Series	Type	Labels	Meaning · emit site
`bigfleet_shard_actions_total`	counter	`kind`	Decision actions emitted (`metrics.go:95`). Set at `pkg/shard/shard.go:972`.
`bigfleet_shard_action_execute_outcomes_total`	counter	`kind`, `outcome`	Per-execute-outcome: success / no_session / transition_error / blob_error / configure_error / ctx_canceled / fenced (`metrics.go:157`, Drop A). Sums ≈ actions_total; gaps point at unaccounted return paths. `fenced` is a zombie-shard incident (paper §11 fencing token rejected) — alert, never retry. Set at `pkg/shard/execute.go:55`.
`bigfleet_shard_actions_deferred_total`	counter	—	Actions deferred by `MaxActionsPerCycle` truncation; idempotent, re-derived next cycle (`metrics.go:145`). Set at `pkg/shard/shard.go:948`.
`bigfleet_shard_actions_dropped_total`	counter	—	Actions dropped at emit because the persistent execute pool’s queue was full (ADR-0021, cap = `ExecuteConcurrency×2`) (`metrics.go:205`). Distinct mechanism from deferred. Set at `pkg/shard/shard.go:928`.
`bigfleet_shard_actions_deduped_total`	counter	—	Actions skipped at enqueue because the target machine already has an action queued/in-flight (ADR-0021 in-flight set) (`metrics.go:216`). High vs actions_total ⇒ cycle interval firing faster than the pool drains. Set at `pkg/shard/shard.go:931`.
`bigfleet_shard_action_queue_depth`	gauge	—	Persistent execute pool queue depth (`metrics.go:196`). Climbing toward cap ⇒ drops next. Set at `pkg/shard/shard.go:546` and `:933`.
`bigfleet_shard_execute_inflight`	gauge	—	Currently-running `execute()` goroutines (`metrics.go:187`, Drop B). Compare against `executeConcurrency`: at-cap + low per-execute latency ⇒ under-shipping; at-cap + high latency ⇒ downstream-bound. Set/decremented at `pkg/shard/execute.go:51-52`.

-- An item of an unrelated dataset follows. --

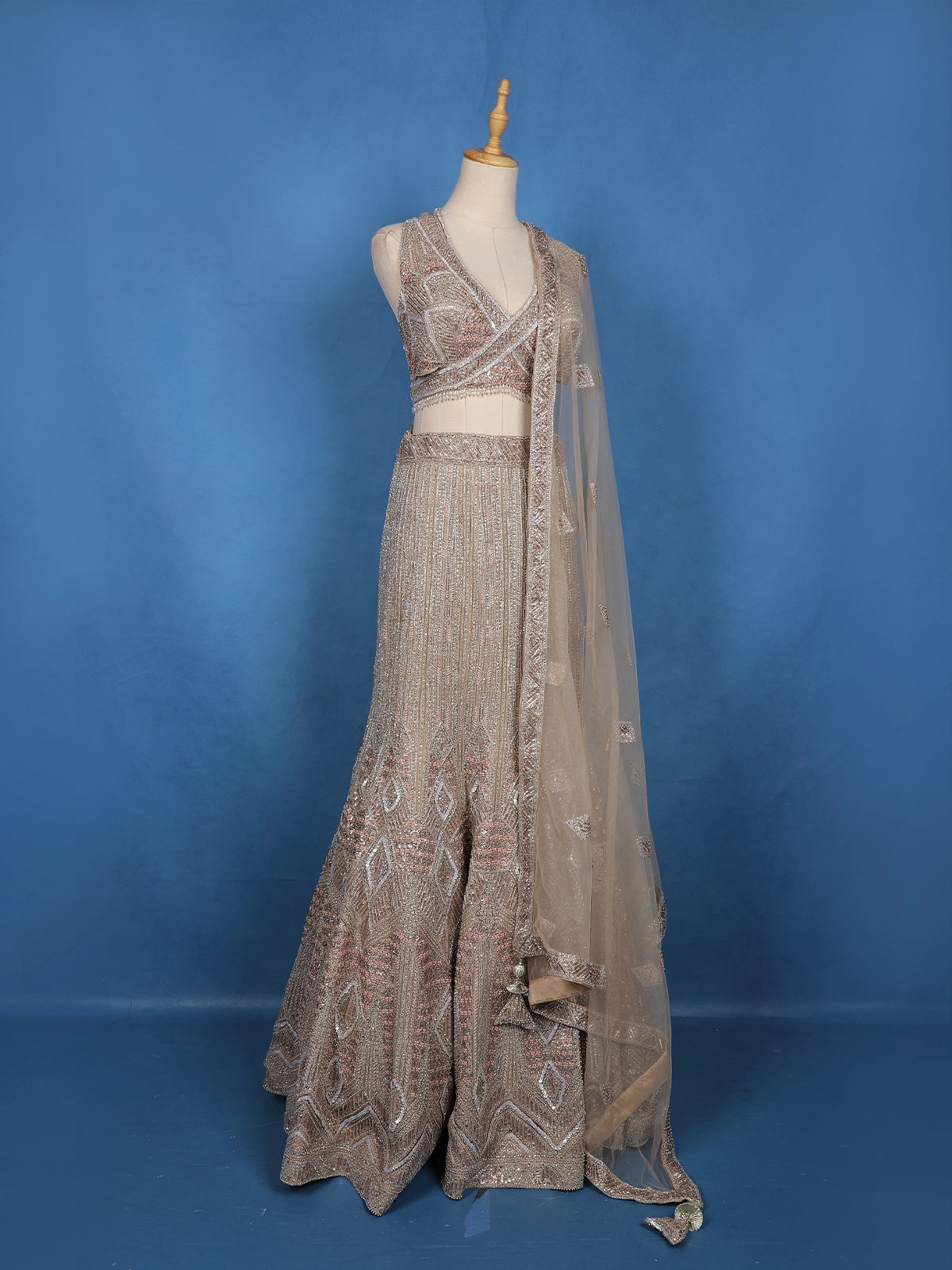Paired with a soft beige net dupatta detailed with scattered sequin motifs and an intricately embroidered border, the outfit embodies timeless allure.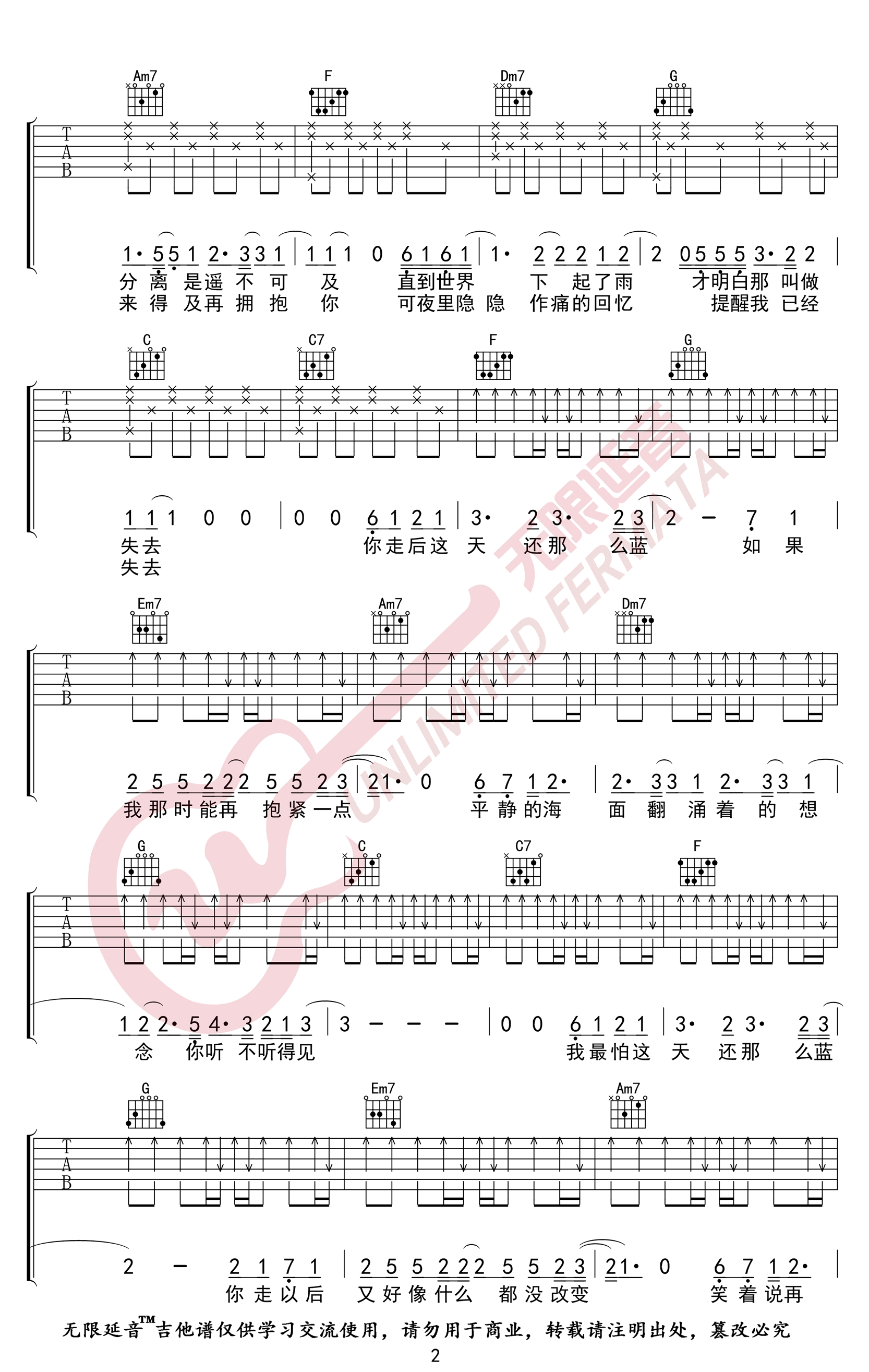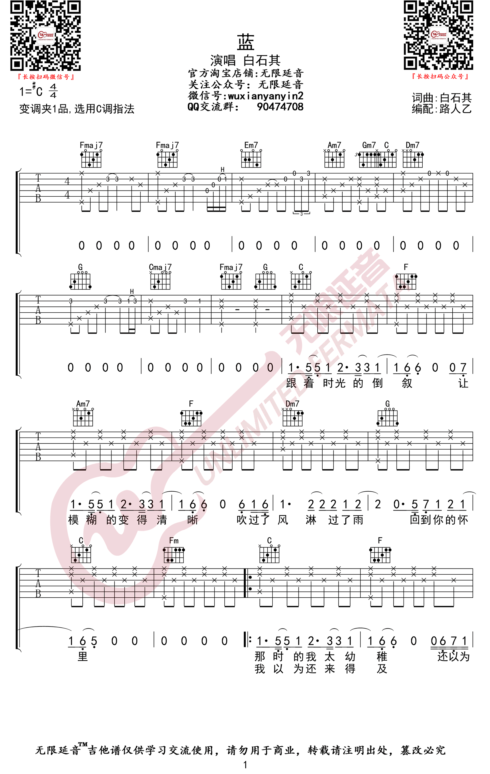 曲谱介绍: 石白其《蓝》吉他弹唱谱,采用C调指法编配,无限延音编配出品,共有3张高清图谱。

Actuation safety rails (ADR-0046)

One metric per rail so each engaging is independently alertable. The kill-switch and dry-run counters are kept out of actions_total so a paused shard’s intentions are observable without polluting the executed-action count.

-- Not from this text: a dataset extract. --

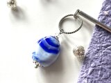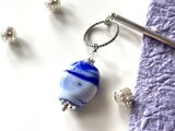 青と白のマーブル模様のとんぼ玉でかんざしを作りました。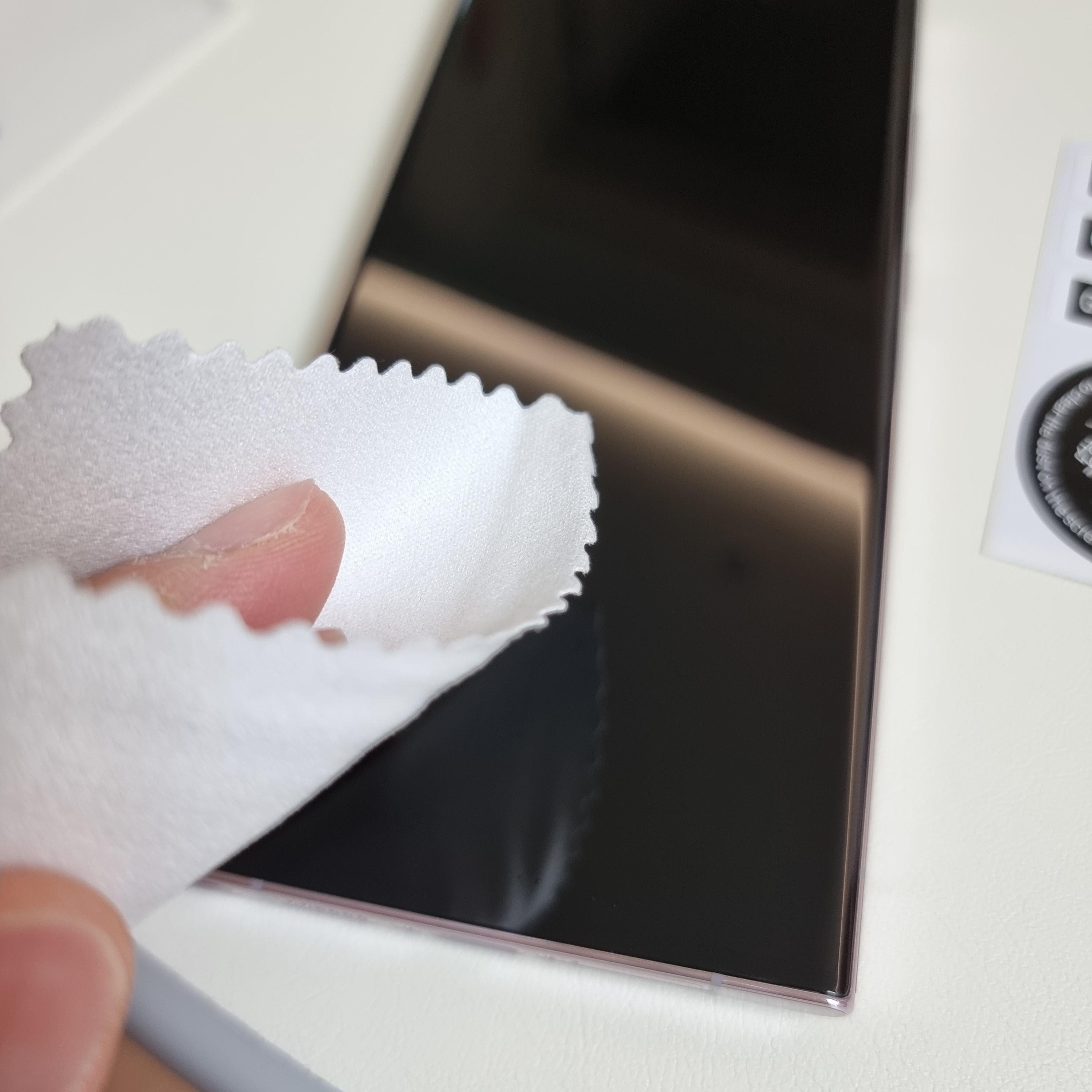 2. 클리너 천을 이용하여 한 번 더 스마트폰 액정을 닦아서 깨끗하게 유지해 줍니다.

Series	Type	Labels	Meaning · emit site
`bigfleet_shard_reclaims_capped_total`	counter	—	Reclaims deferred by the per-cluster blast-radius cap (rail 1, 5%/cycle default) (`metrics.go:293`). Roll-over, not drop. Sustained non-zero = a mass drain being rate-limited — investigate before it finishes. Set at `pkg/shard/shard.go:797`.
`bigfleet_shard_rollup_quarantined`	gauge	`cluster`	Consecutive roll-ups held per cluster by the empty-roll-up guard (rail 2, 0 = clear) (`metrics.go:316`). While non-zero the cluster’s prior accepted demand stays active. Set at `pkg/shard/shard.go:450`.
`bigfleet_shard_actions_suppressed_total`	counter	`kind`	Actions dropped at execute by the kill switch (rail 3, `--actuation-paused`) (`metrics.go:325`). The engine’s intentions while paused. Set at `pkg/shard/shard.go:837`.
`bigfleet_shard_actuation_paused`	gauge	—	1 while `--actuation-paused` (`metrics.go:333`). A pause nobody remembers is its own incident — alert on it staying non-zero. Set at `pkg/shard/shard.go:634`/`:636`.
`bigfleet_shard_actions_dryrun_total`	counter	`kind`	Actions reported-not-executed under `--dry-run` shadow mode (ADR-0046 addendum) (`metrics.go:346`). Deliberately distinct from suppressed so dashboards tell “shadowing by design” from “paused in anger”. Set at `pkg/shard/shard.go:858`.
`bigfleet_shard_idle_releases_total`	counter	—	Idle→Speculative releases via `provider.Delete` after the per-CapacityType idle hold expired (paper §8, M73 / ADR-0049) (`metrics.go:307`). `rate()` ≈ releases/cycle. The Create↔Delete money loop is impossible by construction; this climbing in lockstep with Provision rates would mean construction broke — alert on the pair. Set at `pkg/shard/execute.go:514`.

Ingest validation

Both are the “garbage at the boundary” mirrors — the inventory/cluster keeps its last-known-good record and these increment instead of silently aliasing.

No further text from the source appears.